FIGURE 7. MAIN FEATURES OF FARM MODEL.

An updated chemical mechanism, SAPRC07 (Carter, 2010), has been recently made available.

Moreover, the CMAQ wet deposition scheme (Byun and Schere, 2006) tacking into account the vertical distribution of precipitation and their physical phases (liquid, graupel, snow, ice) was added in addition to EMEP simplified scheme.

CMAQ in-cloud chemistry, AQCHEM (Schwartz, 1986), was added too, and it can be used in place of the current simplified in-cloud sulphate chemistry, describing S(IV) to S(VI) formation according to Seinfeld and Pandis (1998).

These new developments will be used and validated in the next AMS-MINNI simulations.

2.3.2 Micro-meteorological input parameters for FARM

Micro-meteorological parameters, describing atmospheric turbulence, were computed by means of the diagnostic model SURPRO. For the calculation of horizontal and vertical diffusion coefficients, Smagorinsky (1963) and Lange (1989) parameterizations were used, respectively.
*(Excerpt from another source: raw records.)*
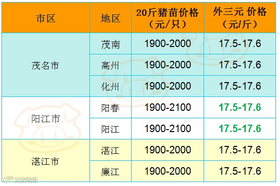 有红绿颜色部分是相对昨天有所变动的猪价;
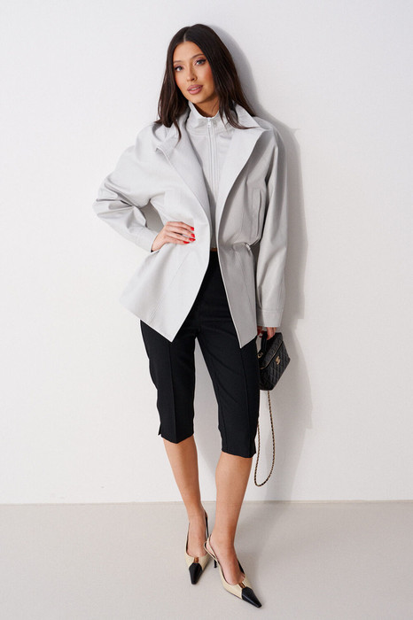 Куртка свободного кроя выполнена из эко-кожи серого цвета. Характеристики: подкладка, воротник-стойка, рукав реглан с манжетом, внутренняя часть изделия - манишка с центральной застёжкой - молнией, основная часть изделия с прорезными карманами с листочкой, по линии талии - резинка, с кулиской, с фиксаторами. Длина рукава от горловины 79 см. Длина спинки 73 см.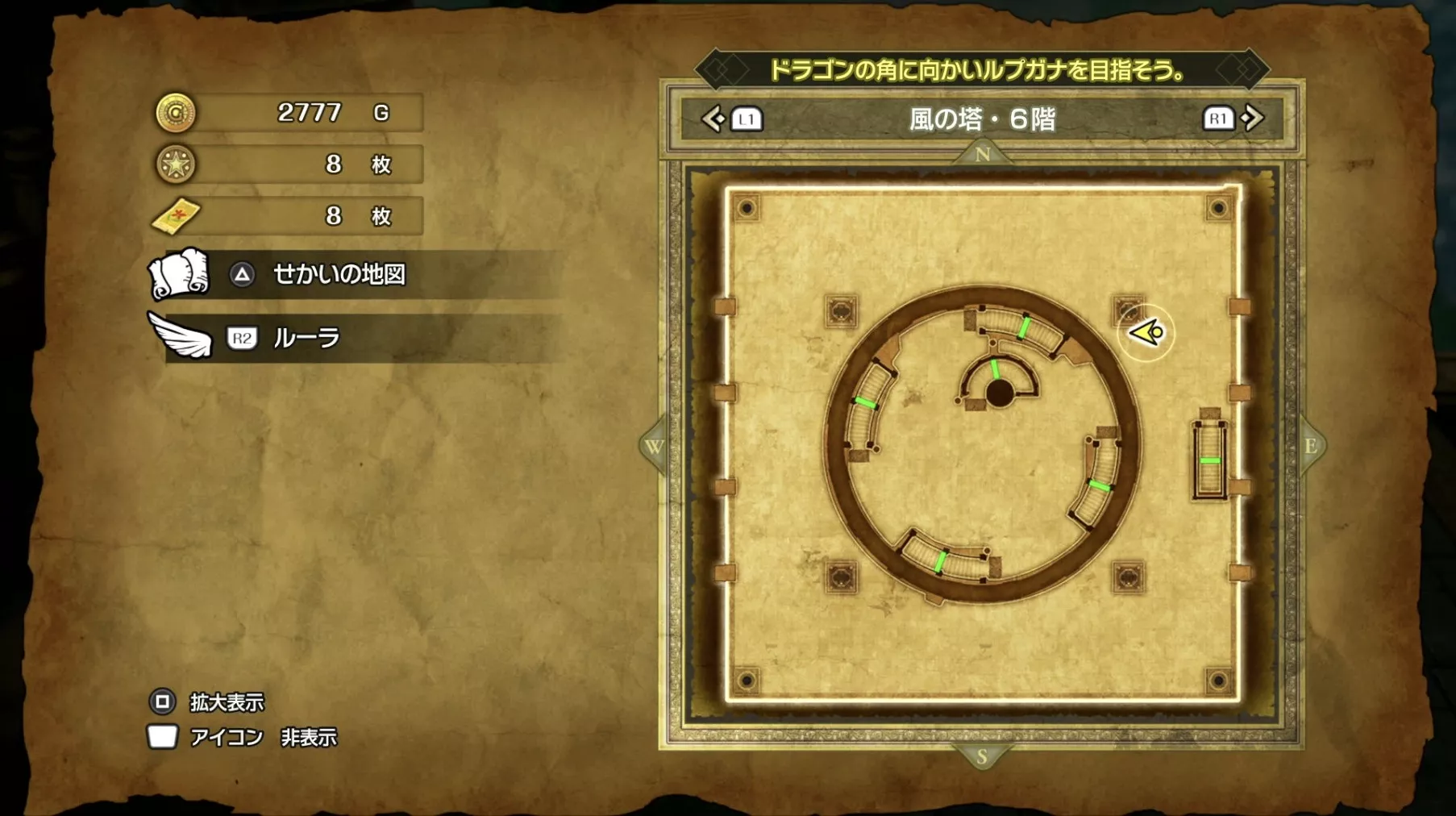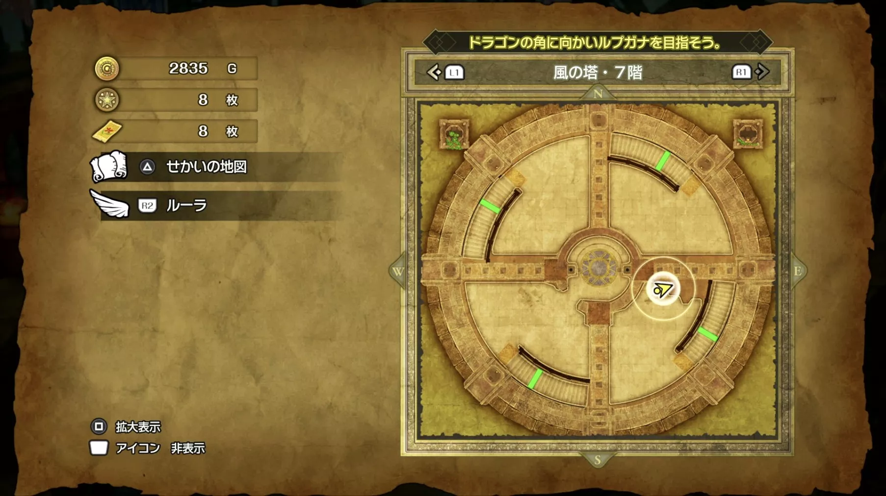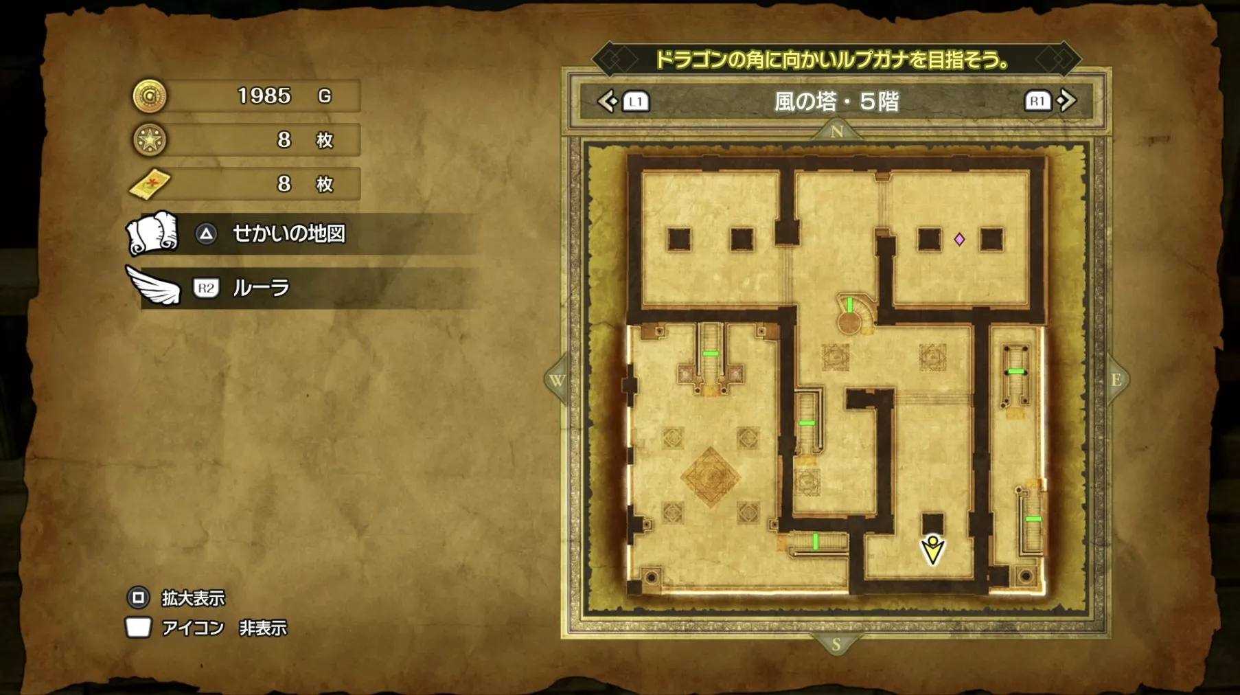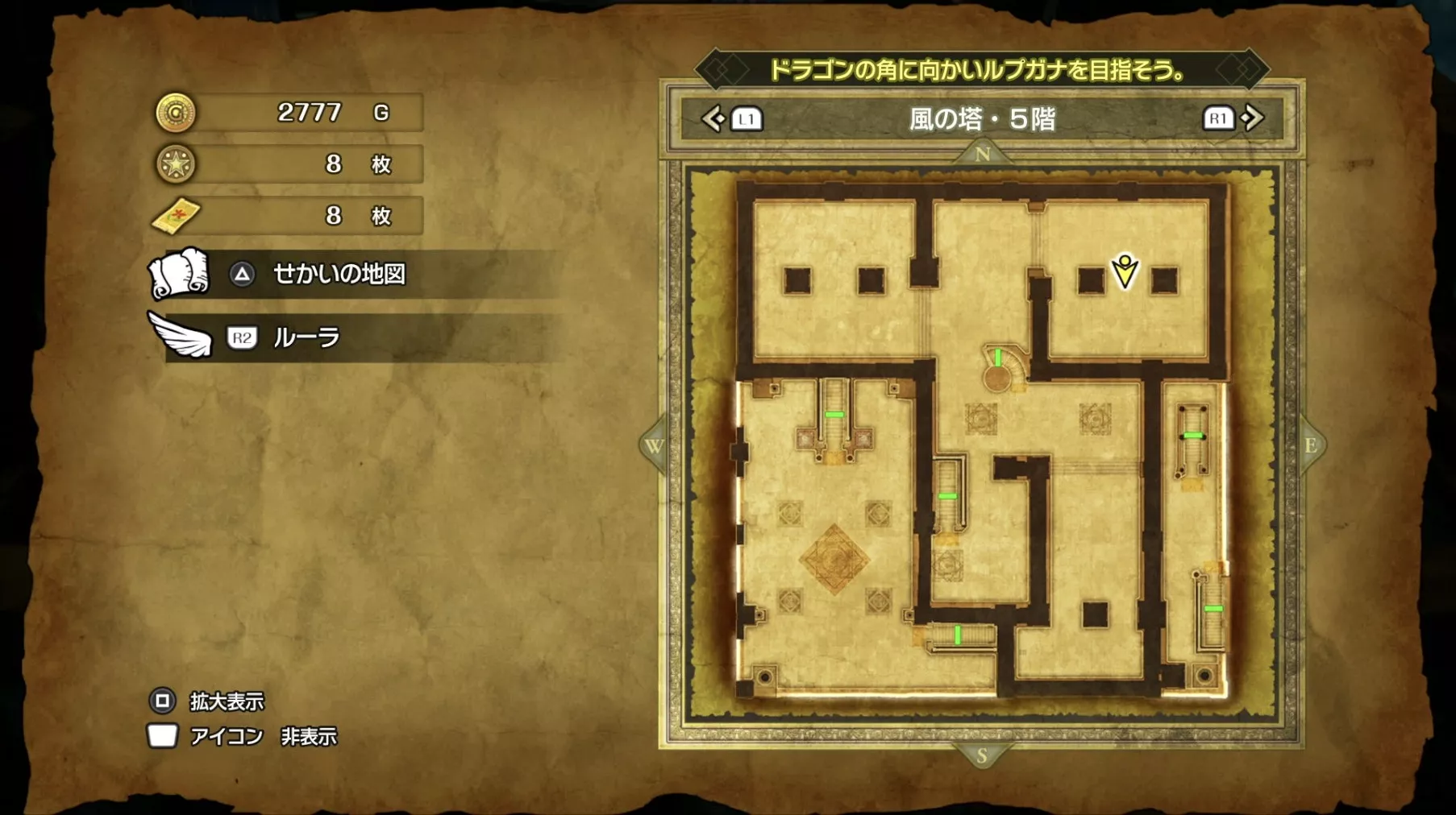 風の塔のマップです。ストーリーチャート3で訪れるマップとなっており、ストーリー進行に必要な「風のマント」は5階でボスを撃破した後に、ボスの後ろにある階段から2階に降りると入手できます。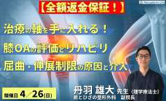 【治療の軸を手に入れる!】変形性膝関節症の評価とリハビリテーション〜ROM制限の制限因子を見抜く屈曲・伸展制限へのアプローチ〜 講師:丹羽雄大先生 【治療の軸を手に入れる!】変形性膝関節症の評価とリハビリテ…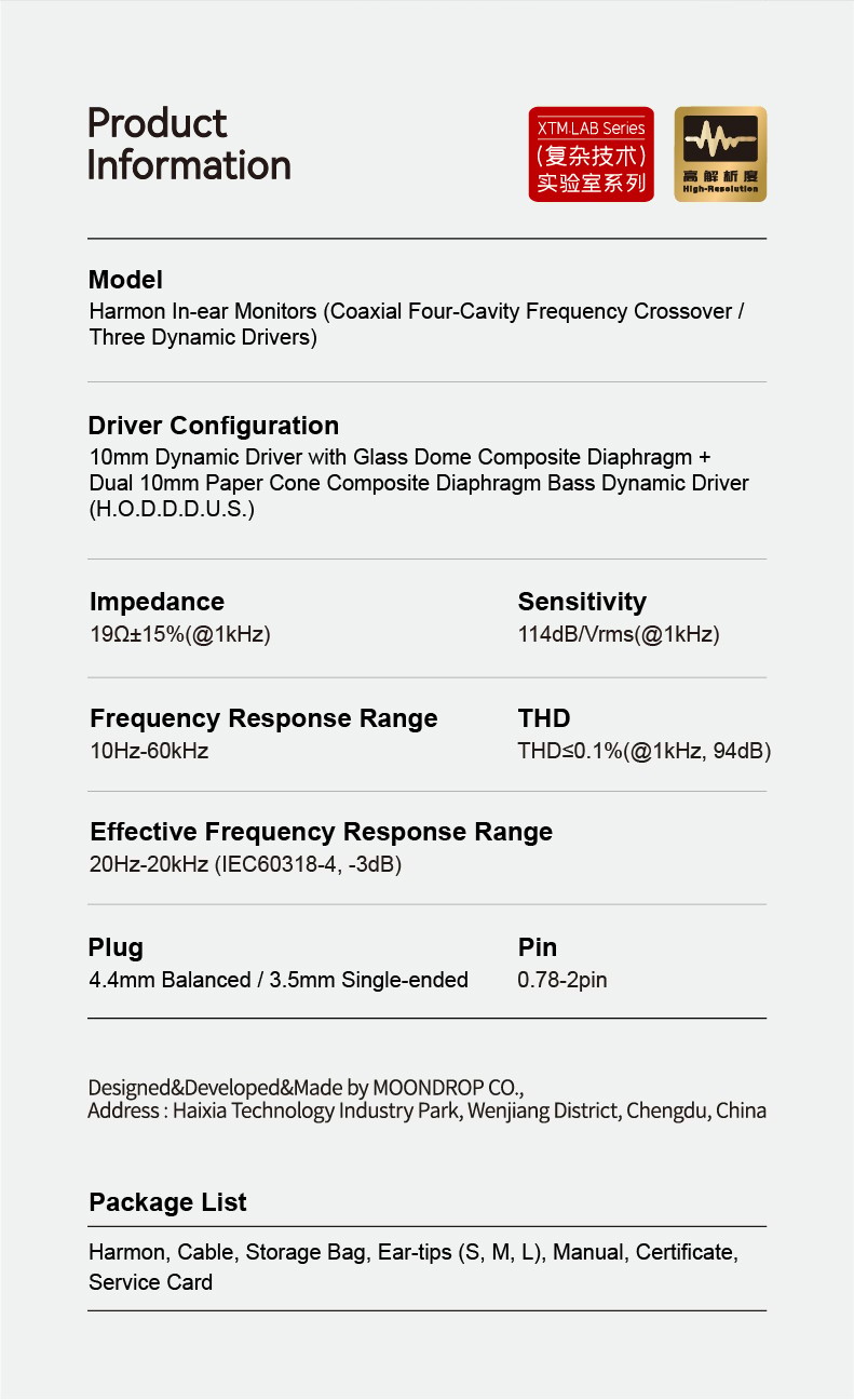 Model: Harmon In-ear Monitors (Coaxial Four-Cavity Frequency Crossover / Three Dynamic Drivers)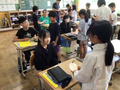 昨日、6年生の修学旅行の安全と成功を願って、5年生が作った「うちわ型メッセージカード」と「大きなばたっぴぃ目印」を6年生に渡しました。メッセージの中には、「修学旅行で『最幸』の思い出を作ってきてください!」と成功を願う言葉や、「6年生のいない間、最高学年として頑張ります!」といった決意の言葉が見られました。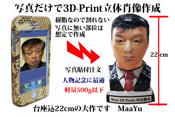 全長約22cmの360度全体のある写真立体胸像を作成するものです。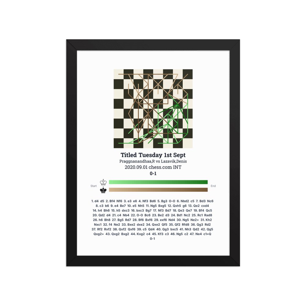 Museum-quality poster on thick, durable matte paper. A sharp, clean look for any chess visualisation.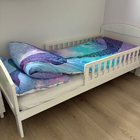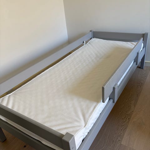 Simpel børneseng i størrelse 70 cm x 160 cm. Nem at skille ad/samle. Madras medfølger ikke.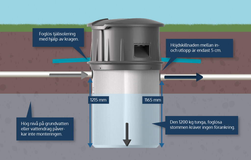 Vid installationen av Biorenaren placeras tjälisoleringen (ex. Finnfoam) mot den avsedda kragen och på så vis bildas en foglös isolerkonstruktion. Något annat behöver du inte göra för ett beprövat bekymmersfritt vinterbruk – även under extrema förhållanden.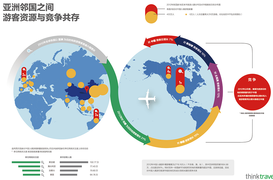 2012年对印度为目的地搜索增长21%,对泰国搜索增长19%,对土耳其搜索增长13%,对新加坡搜索增长10%,对中国搜索仅增长7%。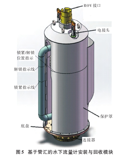 采用(yong)管彙安(an)裝的方(fāng)式需要(yao)針對流(liu)量計模(mo)塊設計(ji)對應🏃的(de)模塊👣送(sòng)入工具(jù)、導向定(dìng)位設備(bei)、軟着陸(lù)工具、過(guo)載工具(ju)以及其(qi)他配套(tao)工具來(lái)滿足流(liú)量計安(ān)裝和回(hui)收的要(yao)求。在流(liu)量👉計模(mó)塊外部(bù)設🔆計一(yī)個整體(ti)的配套(tao)安裝工(gong)具,并提(ti)供ROV操作(zuò)🔆的接口(kou)和水下(xià)的連♈接(jiē)器部分(fen),如圖5所(suo)示。送人(ren)工具可(ke)以通過(guò)ROV進行操(cao)作和控(kong)制,一般(bān)部署在(zai)修井船(chuan)和鑽探(tàn)設備:.上(shàng),含有軟(ruan)着陸系(xì)統和解(jiě)鎖、鎖緊(jǐn)裝♋置,通(tong)過操作(zuo)ROV接口,可(ke)以實現(xiàn)水下流(liú)量計底(dǐ)部✨連接(jie)器與固(gù)定安🚩裝(zhuang)在管彙(hui).上的連(lián)接接口(kǒu)的鎖緊(jǐn)和解鎖(suo)。當🈲流量(liang)計解鎖(suo)出🧑🏾🤝🧑🏼現故(gu)障時,可(ke)以通過(guò)過載工(gōng)具進行(háng)緊急解(jiě)鎖,以保(bǎo)證流量(liang)計解鎖(suo)裝置卡(ka)死的情(qing)況㊙️下,能(neng)夠實現(xiàn)緊急回(hui)收。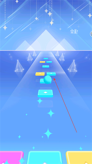 3、让小球落在蓝色方块上,维持完美评价,沿赛道节奏前进。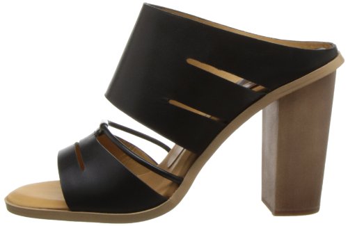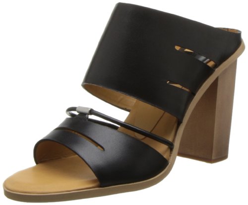 Block-heel sandal featuring slit straps and silver-tone hardware at vamp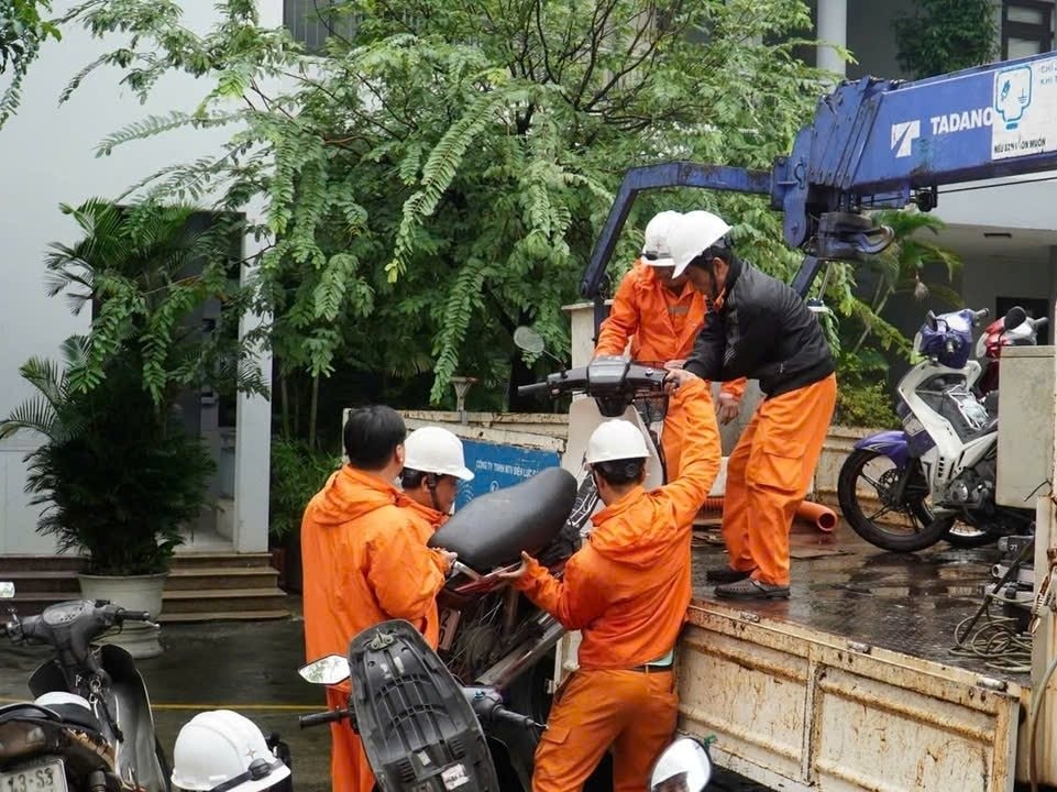 Công nhân điện lực phối hợp đưa xe máy lên thùng xe phục vụ công tác cơ động tại các khu vực bị ngập nặng.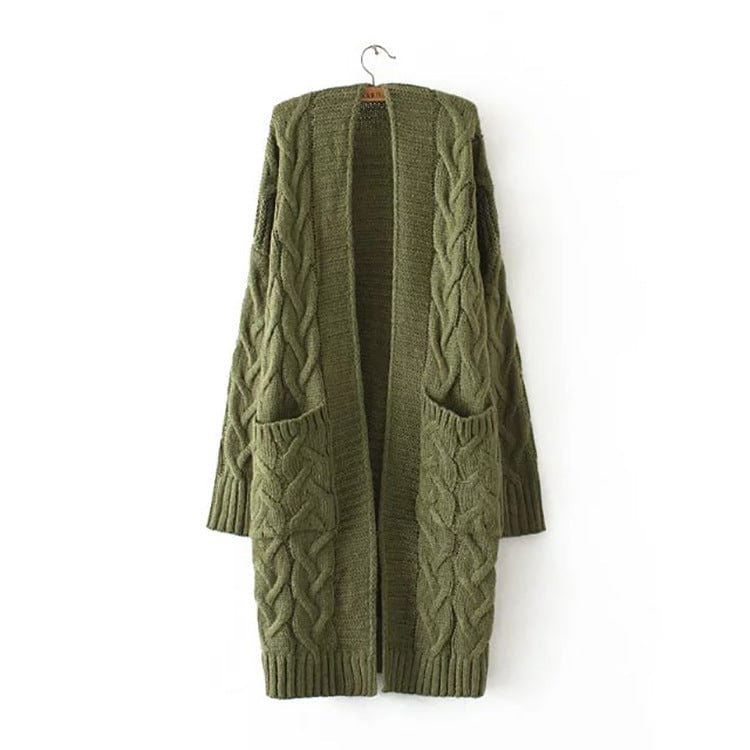 Stay warm and look fashionable with Lirael Twist Knitted Cardigan! With a playful cable-knit pattern and cozy. thick material. you'll be the trendiest one on the block. Plus. two front pockets let you stash those essentials while keeping your hands toasty! Who said winter has to be boring?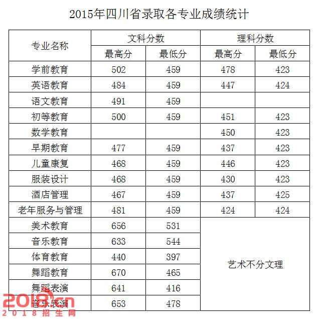 网整理了四川幼儿师范高等专科学校2015年录取分数线各省各专业录取分数情况统计

To take into account strong horizontal non-homogeneity and temporal non-stationarity of the boundary layer over terrain characterized by abrupt changes of surface (e.g. complex terrain, coastal areas, urban environment, etc.), mixing height was evaluated using prognostic schemes: in near neutral and unstable atmospheric conditions, the Gryning and Batchvarova (1996) approach was used; for stable conditions, the prognostic formulation proposed by Zilitinkevich and Baklanov (2002) was chosen.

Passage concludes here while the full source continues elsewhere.